11:29 – La loi du marché va reprendre le dessus après le phénomène de déstockage.
11:33 – Oui, les stocks étant apurés, on va revenir sur quelque chose, si on ne prend pas une récession majeure dans les pays occidentaux,
11:39 ce qui n'est pas pour l'instant le scénario, on devrait revenir sur quelque chose de beaucoup plus cohérent avec le scénario qu'on avait,
11:45 que je vous rappelle, c'est que le développement de la transition énergétique va nécessiter une consommation d'énergie très importante
11:51 et surtout une consommation très importante de métaux qui devraient emmener le cours de ces métaux à des niveaux très élevés.

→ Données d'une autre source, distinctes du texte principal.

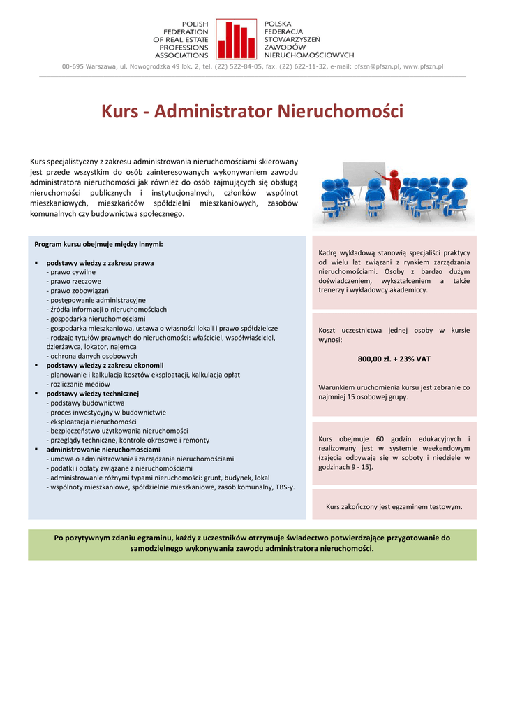 00-695 Warszawa, ul. Nowogrodzka 49 lok. 2, tel. (22) 522-84-05, fax. (22) 622-11-32, e-mail: [email protected], www.pfszn.pl _________________________________________________________________________________________________________________ Kurs - Administrator Nieruchomości Kurs specjalistyczny z zakresu administrowania nieruchomościami skierowany jest przede wszystkim do osób zainteresowanych wykonywaniem zawodu administratora nieruchomości jak również do osób zajmujących się obsługą nieruchomości publicznych i instytucjonalnych, członków wspólnot mieszkaniowych, mieszkańców spółdzielni mieszkaniowych, zasobów komunalnych czy budownictwa społecznego. Program kursu obejmuje między innymi:     podstawy wiedzy z zakresu prawa - prawo cywilne - prawo rzeczowe - prawo zobowiązań - postępowanie administracyjne - źródła informacji o nieruchomościach - gospodarka nieruchomościami - gospodarka mieszkaniowa, ustawa o własności lokali i prawo spółdzielcze - rodzaje tytułów prawnych do nieruchomości: właściciel, współwłaściciel, dzierżawca, lokator, najemca - ochrona danych osobowych podstawy wiedzy z zakresu ekonomii - planowanie i kalkulacja kosztów eksploatacji, kalkulacja opłat - rozliczanie mediów podstawy wiedzy technicznej - podstawy budownictwa - proces inwestycyjny w budownictwie - eksploatacja nieruchomości - bezpieczeństwo użytkowania nieruchomości - przeglądy techniczne, kontrole okresowe i remonty administrowanie nieruchomościami - umowa o administrowanie i zarządzanie nieruchomościami - podatki i opłaty związane z nieruchomościami - administrowanie różnymi typami nieruchomości: grunt, budynek, lokal - wspólnoty mieszkaniowe, spółdzielnie mieszkaniowe, zasób komunalny, TBS-y. Kadrę wykładową stanowią specjaliści praktycy od wielu lat związani z rynkiem zarządzania nieruchomościami. Osoby z bardzo dużym doświadczeniem, wykształceniem a także trenerzy i wykładowcy akademiccy. Koszt uczestnictwa jednej osoby w kursie wynosi: 800,00 zł. + 23% VAT Warunkiem uruchomienia kursu jest zebranie co najmniej 15 osobowej grupy. Kurs obejmuje 60 godzin edukacyjnych i realizowany jest w systemie weekendowym (zajęcia odbywają się w soboty i niedziele w godzinach 9 - 15). Kurs zakończony jest egzaminem testowym. Po pozytywnym zdaniu egzaminu, każdy z uczestników otrzymuje świadectwo potwierdzające przygotowanie do samodzielnego wykonywania zawodu administratora nieruchomości.

11:58 Ce n'est pas moi qui le dis, on le voit bien, la France a mis en place un fonds d'investissement pour sécuriser sa souveraineté en termes de matériaux minéraux.
12:08 On a une loi de la Commission européenne, la Critical Raw Materials Act, pour tenir compte de ce problème.

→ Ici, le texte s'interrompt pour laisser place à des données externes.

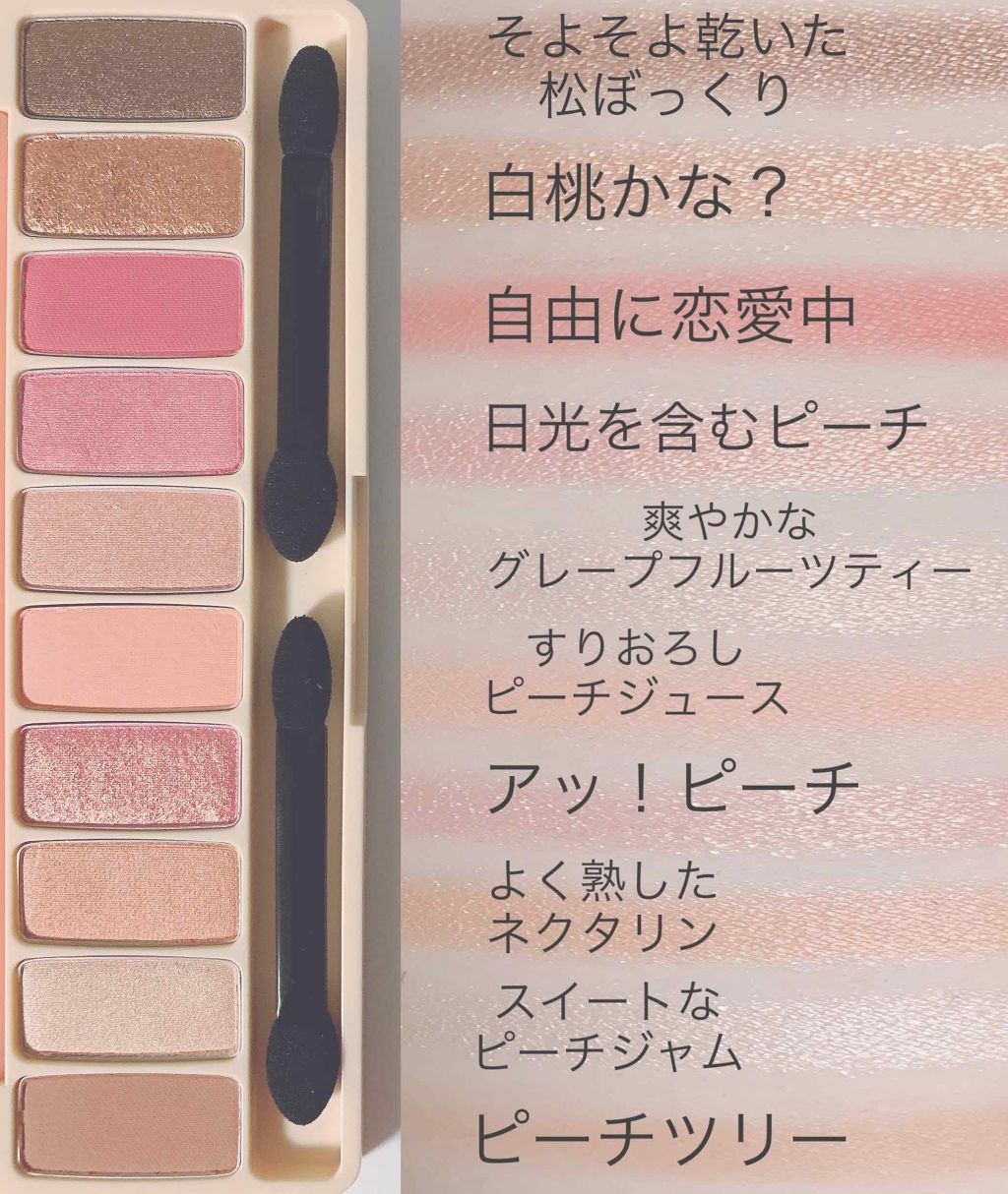 - 肌なじみの良い、鮮やかな発色で目元を華やかに彩る捨て色なしの10色アイシャドウパレット 異なる3種のテクスチャーを自由に組み合わせて、グラデーションも思いのままに。 NEW 2023.4 ・肌トーンにあう配色を詰め込んだトレンドカラー 肌トーンに合わせて、自分に似合うトレンドカラーが楽しめる♡ パーソナルカラー×トレンドカラーの掛け合わせパレットで、デイリーメイクもスペシャルメイクも気分にあわせてなりたい自分に! ・むにゅっとジェル質感ラメで高密着、煌めく目元 パレットの中でもポイントとなる大きめ粒子のラメは、ジェルのような新質感で落ちにくく肌にぴったりと密着します。キラキラとした目元をキープします。 ・使うカラーは大きめに!リアル捨て色なしパレット ベースやラメのよく使うカラーと締め色や濃い色等の減りが少ないカラーを異なるサイズで詰め込んだ、リアル捨て色なしパレット! <使用方法> 付属のデュアルシャドウブラシでベースカラーをまぶた全体に塗り広げます。細いブラシでグラデーションや目尻、アイライン、涙袋などのポイントカラーをのせて仕上げます。

12:15 Les États-Unis s'en occupent aussi. Les listes de métaux critiques de la Commission européenne et des États-Unis s'allongent chaque année quasiment,
12:23 alors elles ne sont pas revues tous les ans, pas chaque année, mais elles s'allongent régulièrement et on va au-devant d'un énorme problème.
12:29 Je rappelle juste une chose, le CNRS dit dans une étude, dans les 30 prochaines années, on va devoir extraire de la croûte terrestre
12:36 autant de métaux que depuis le début de l'histoire de l'humanité. Voilà le challenge auquel on est confronté, donc la baisse conjoncturelle qu'on connaît aujourd'hui.
12:42 Et pour moi, purement conjoncturelle ne remet en rien le scénario long terme en cause. La seule chose qui pourrait le remettre en cause,
12:50 c'est qu'on décide de ne pas faire la transition énergétique, mais on n'a pas le choix. Voilà. Donc, pour moi, la baisse actuelle est plutôt une opportunité
12:57 à saisir pour des investissements peut-être diversifiants et une autre manière d'approcher la transition énergétique.
13:03 Merci Benjamin. Merci pour votre éclairage toujours aussi précieux sur la question des matières premières, des métaux, des minéraux et du pétrole.
13:13 C'était quand même le sujet d'accroche de ce soir. Benjamin Louvet avec nous en plateau, directeur de la gestion des matières premières chez Offi Invest Assets Management.